ACTIVITY —
Where a line in the material below has the string "Claude", please report it.

SUPPLIED DATA —
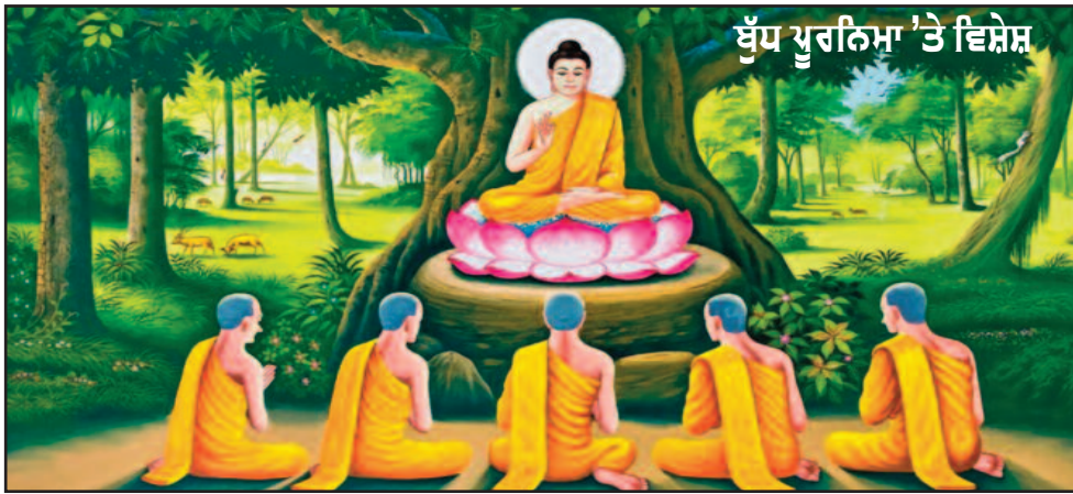
ਬੁੱਧ ਪੂਰਨਿਮਾ 'ਤੇ ਵਿਸ਼ੇਸ਼

ਚੀਨੀ ਭਿਕਸ਼ੂ ਯੋਨਚਾਂਗ ਜੋ ਭਾਰਤ ਦੀ ਯਾਤਰਾ ਤੇ ਆਇਆ ਸੀ, ਲਿਖਦਾ ਹੈ ਕਿ ਦੂਜੀ ਈਸਵੀ ਨਾਲੰਦਾ ਵਿਸ਼ਵਵਿਦਿਆਲੇ ਦੀ ਸਥਾਪਤੀ ਤੋਂ ਲੈ ਕੇ 750 ਈਸਵੀ ਤੱਕ ਇਸ ਵਿਚ ਬੁੱਧ ਗ੍ਰੰਥ ਪੜ੍ਹਾਏ ਜਾਂਦੇ ਰਹੇ ਹਨ। ਬਾਰਾਂ ਸੌ ਵਰ੍ਹਿਆਂ ਤੱਕ ਏਸ਼ੀਆ ਦੀ ਮੰਨੀ ਪ੍ਰਮਾਣੀ ਯੂਨੀਵਰਸਿਟੀ ਰਹੀ ਹੈ ਜਿਸ ਵਿਚ ਦੇਸ਼ ਦੇਸ਼ਾਂਤਰਾਂ ਤੋਂ ਵਿਦਿਆਰਥੀ ਪੜ੍ਹਨ ਆਉਂਦੇ ਸਨ। ਕਈ ਦੇਸ਼ਾਂ ਦੇ ਰਾਜਿਆਂ ਨੇ ਯੂਨੀਵਰਸਿਟੀ ਦੇ ਨਾਂ ਜਗੀਰਾਂ ਲੁਆਈਆਂ ਹੋਈਆਂ ਸਨ ਤਾਂ ਜੋ ਰੱਟੀ ਕੱਪੜੇ ਦਾ ਖਰਚ ਚਲਦਾ ਰਹੇ। ਯੂਨੀਵਰਸਿਟੀ ਵਿਚ ਸਾਢੇ ਅੱਠ ਹਜ਼ਾਰ ਵਿਦਿਆਰਥੀ ਡੇਢ ਹਜ਼ਾਰ ਪ੍ਰੋਫੈਸਰ ਸਨ। ਹਰ ਰੋਜ਼ ਇਕ ਸੌ ਲੈਕਚਰ ਵੱਖ ਵੱਖ ਵਿਸ਼ਿਆਂ ਤੇ ਹੁੰਦੇ ਸਨ। ਸੰਸਾਰ ਦੀ ਹਰ ਵਿਦਿਆ ਬਿਨਾਂ ਪੱਖਪਾਤ ਦੇ ਪੜ੍ਹਾਈ ਜਾਂਦੀ ਸੀ। ਲਾਇਬ੍ਰੇਰੀ ਵਿਚ 20 ਲੱਖ ਤੋਂ (ਬਾਕੀ ਅਗਲੇ ਸਫੇ ਤੇ)
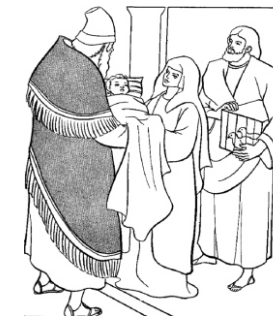
sv. Blaž, biskup i mučenik
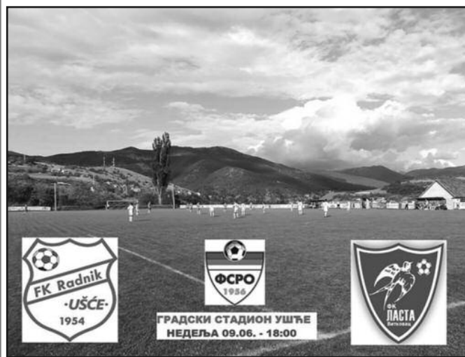
Све спремно за утакмицу деценије-платат за дуел Радника и Ласте

ције у новом зонаша. За такав епилог биће потребна победа у последњем колу у Ушћу против претпоследњепласиране Ласте. Омладинац из Новог Села је победио у Витановцу, 24 сата пре надолazeћег кишног таласа који је у међувремену потпуно полавио игралиште Груже. Овај тријумф Новоселцима је донео друго место које води у бараж за улазак у зону, а да би га сачували потребно је да у недељу победе Краљево Хајдук пред својим на-
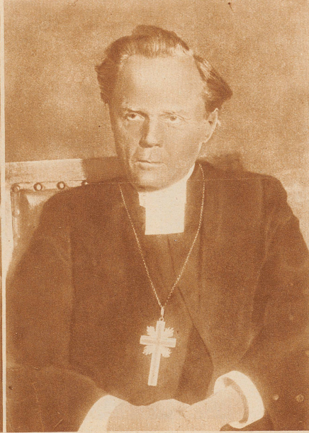
Erzbischof Soederblom . An den Folgen einer Operation starb in Stockholm im 65. Altersjahr der evangelische Erzbischof Nathan Soederblom. Er war eine der bekanntesten christlichen Persönlichkeiten unserer Zeit, besonders bekannt geworden durch seine großzügige Liebestätigkeit im Krieg. Nach dem Kriege trat er immer stärker in den Vordergrund der kirchlichen Einigungsbestrebungen. 1926 präsiidierte er die Lausanner Weltfriedenskonferenz. Er war Ehrendoktor aller vier Fakultäten und Nobelpreisträger
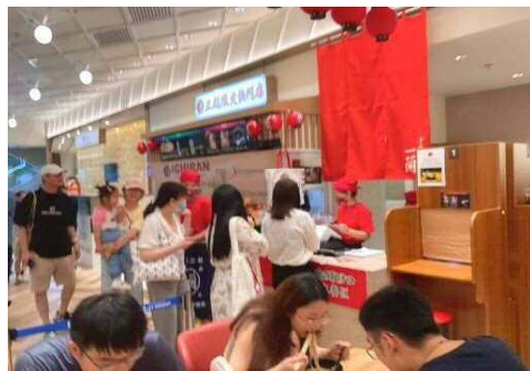
<テストマーケティングスペース>
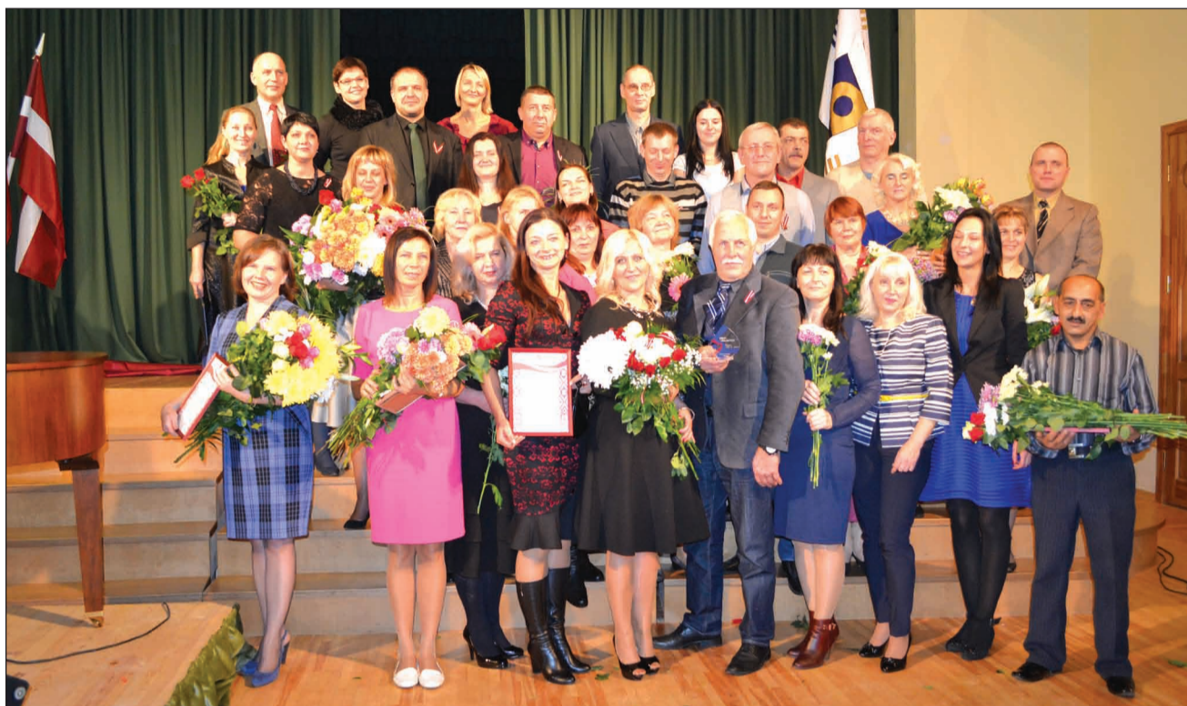
Strenču novada GADA CILVĒKI 2015

Silvijai tuvas ir latviešu tautas tradīcijas un folkloras, savu brīvo laiku viņa pavada darbojoties folkloras kopā "Mežābele". Daudz laika tiek veltīts arī bērniem un maz-
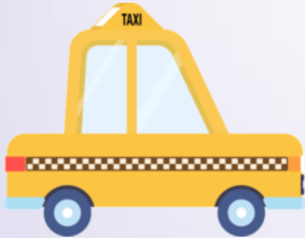
Taxi (Taxí) Táxi
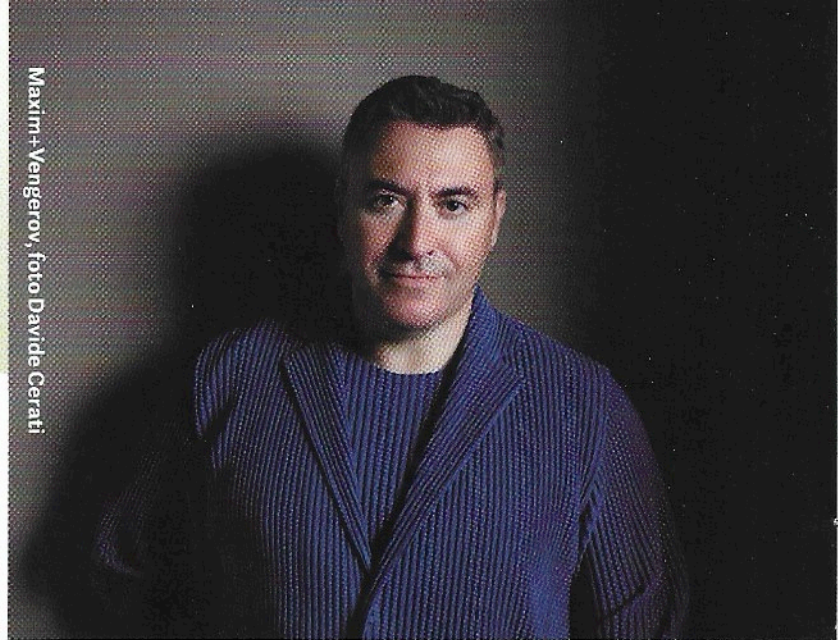
Maxim Vengerov
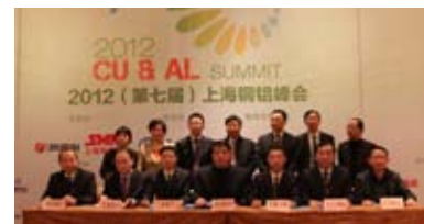
伙伴间的集体亮相
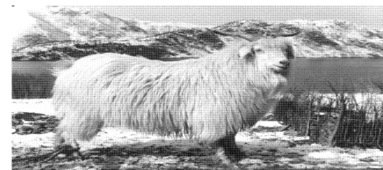
图 A.2 辽宁绒山羊母羊相片
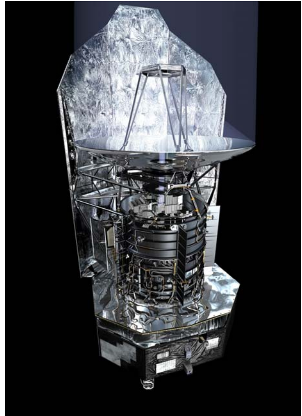
Eine computergenerierte Schnitt-Darstellung des Satelliten Herschel mit Blick in den Kryostaten und auf die wissenschaftlichen Instrumente. Im Hintergrund ist der Sonnenschutzschild zu sehen.

Die ESA hatte bereits Mitte der 1990er Jahre den Infrarotsatelliten ISO (Infrared Space Observatory) in eine Erdumlaufbahn gebracht. Teleskop und Instrumente befanden sich bei diesem Satelliten innerhalb einer sehr grossen, mit flüssigem Helium gefüllten „Thermosflasche“ (Kryostat) bei einer Temperatur von einigen Kelvin (ca. -270\text{ °C} ). Solch tiefe Temperaturen sind notwendig, um bei Beobachtungen im Infrarotbereich die thermische Abstrahlung des Satelliten möglichst gering zu halten. Bei Herschel musste der Spiegel aufgrund seines Durchmessers von 3.5 m ausserhalb des Kryostaten angebracht werden. Um trotzdem die notwendigen tiefen Temperaturen zu erreichen, wird der Satellit weit weg von der Erde in einer speziellen Umlaufbahn um die Sonne, dem sogenannten Zweiten Librationspunkt (L2), platziert. Dank einem grossen Sonnenschutzschild kann eine Spiegeltemperatur von ca. -200\text{ °C} (ca. 70 Kelvin) erreicht werden. Die drei wissenschaftlichen Instrumente selber werden zusätzlich mit speziellen Kühltechniken innerhalb des Kryostaten auf noch tiefere Temperaturen bis zu unter einem Kelvin ( -272\text{ °C} ) abgekühlt.
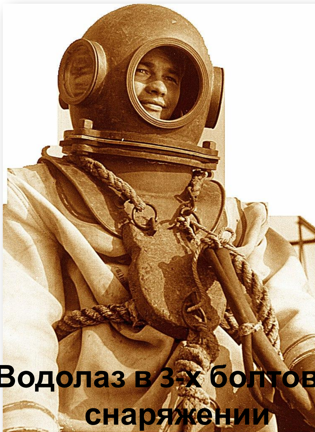
Водолаз в 3-х болтовом снаряжении
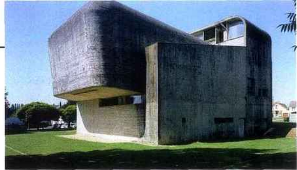
Claude Parent, église Sainte-Bernadette, Nevers.

À première vue, un parfum d'« inactualité » entoure l'œuvre de Claude Parent. Son travail nous parle en effet d'une époque déjà lointaine, où un brutalisme radical ramenait l'architecture au primitivisme, tandis que les campagnes françaises voyaient fleurir d'inquiétantes centrales nucléaires. Si ces deux utopies ont fané, la démarche de Claude Parent continue de fasciner les architectes contemporains et justifie une exposition à la Cité de Chaillot.
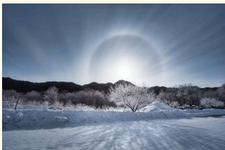
「寒とハロ」 林 巧
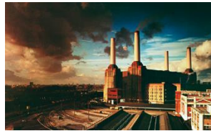
Pink Floyd, Animals , 1977 Design: Roger Waters, Foto: Aubrey Powell © Pink Floyd Music Ltd
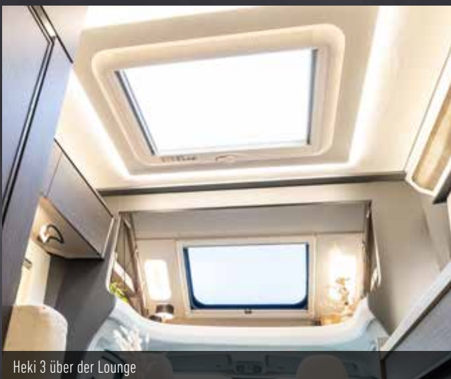
Heki 3 über der Lounge
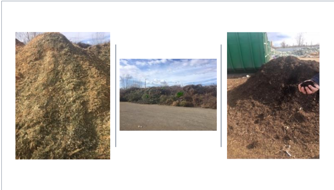
Figura 2-2 Stația de compostare Aninoasa
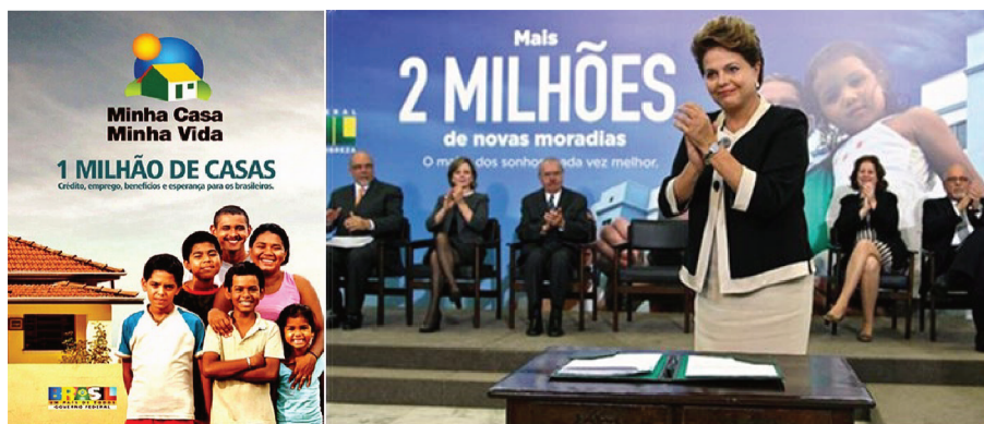
Imagem 1: Material publicitário da fase 1 e fase 2 do programa MCMV

À esquerda, capa da primeira cartilha do programa MCMV, editada pela Casa Civil e distribuída pela CEF; à direita, foto oficial da promulgação do MCMV 2. Em ambas imagens, a ênfase na “meta física” de produção é evidente.
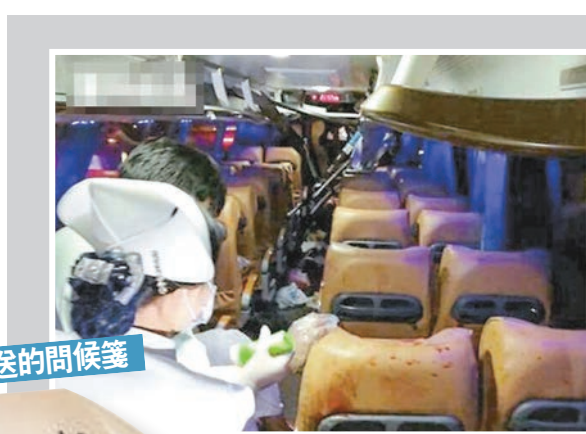
中聯辦主任王志民致送慰問信
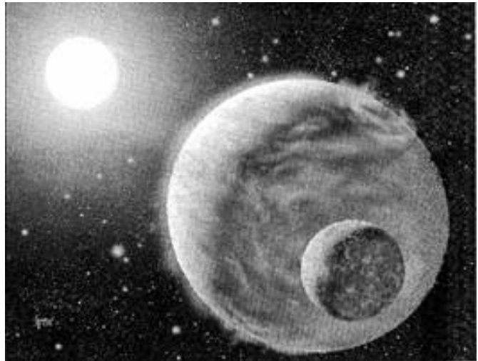
圖為畫家筆下「千禧行星」(圖中)的外貌。英國科學家利用加那利群島的望遠鏡，看到這顆新行星的光。圖左為「千禧行星」的母星牧夫座 \tau 星。

二〇〇〇年三月三十日美國科學家宣布，首次發現太陽系以外有一些體積和土星差不多的小體積行星。在環繞類似太陽的星體的軌道上運行，此一發現使人類發現和地球差不多大小行星的機會大增。他們利用地球上最巨型的望遠鏡以及改良過的搜尋技術，發現在距離地球一百多光年以外，有兩顆環繞不同恆星運行的行星，這兩顆行星的軌道和兩顆星體非常接近，因此溫度極高，不太可能有生命和水。在此之前，科學家在太陽系以外發現了約卅顆行星，這些行星的體積和太陽系最大的行星木星差不多或更大。科學家質疑，這些是否為真正的行星。
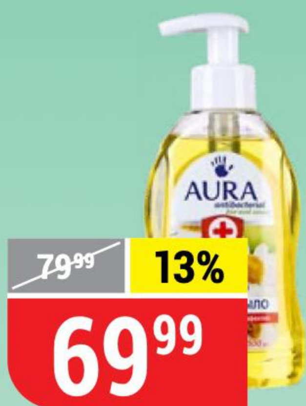
МЫЛО ЖИДКОЕ AURA антибактериальное, с ромашкой, 300 мл 120049
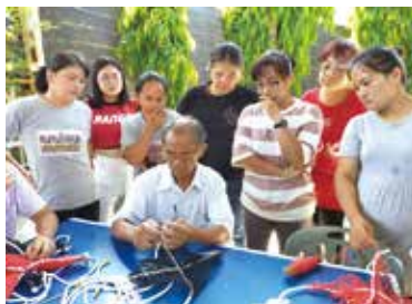
久美國小布農 davaz 背袋編織培育種子教師及教案製作工作坊

歡迎有意願參與推動南投縣藝文教育扎根計畫的藝文團體及單位聯繫本案計畫聯絡人：南投縣政府文化局藝術科 049-2231191 分機 510 李小姐、分機 514 胡小姐
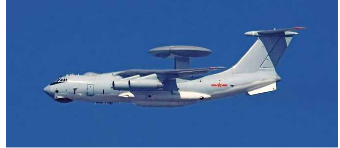
Chinese Awacs Beriev A-501 uitgerust met het Israelische Phalcon AEW-systeem.

zet, baart de Verenigde Staten grote zorgen.
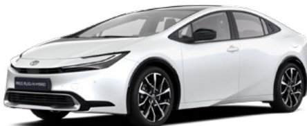
089 Gyöngy fehér 300 000 Ft

RESPONSE TO THIS EXERCISE —
Claude Parent, église Sainte-Bernadette, Nevers.
À première vue, un parfum d'« inactualité » entoure l'œuvre de Claude Parent. Son travail nous parle en effet d'une époque déjà lointaine, où un brutalisme radical ramenait l'architecture au primitivisme, tandis que les campagnes françaises voyaient fleurir d'inquiétantes centrales nucléaires. Si ces deux utopies ont fané, la démarche de Claude Parent continue de fasciner les architectes contemporains et justifie une exposition à la Cité de Chaillot.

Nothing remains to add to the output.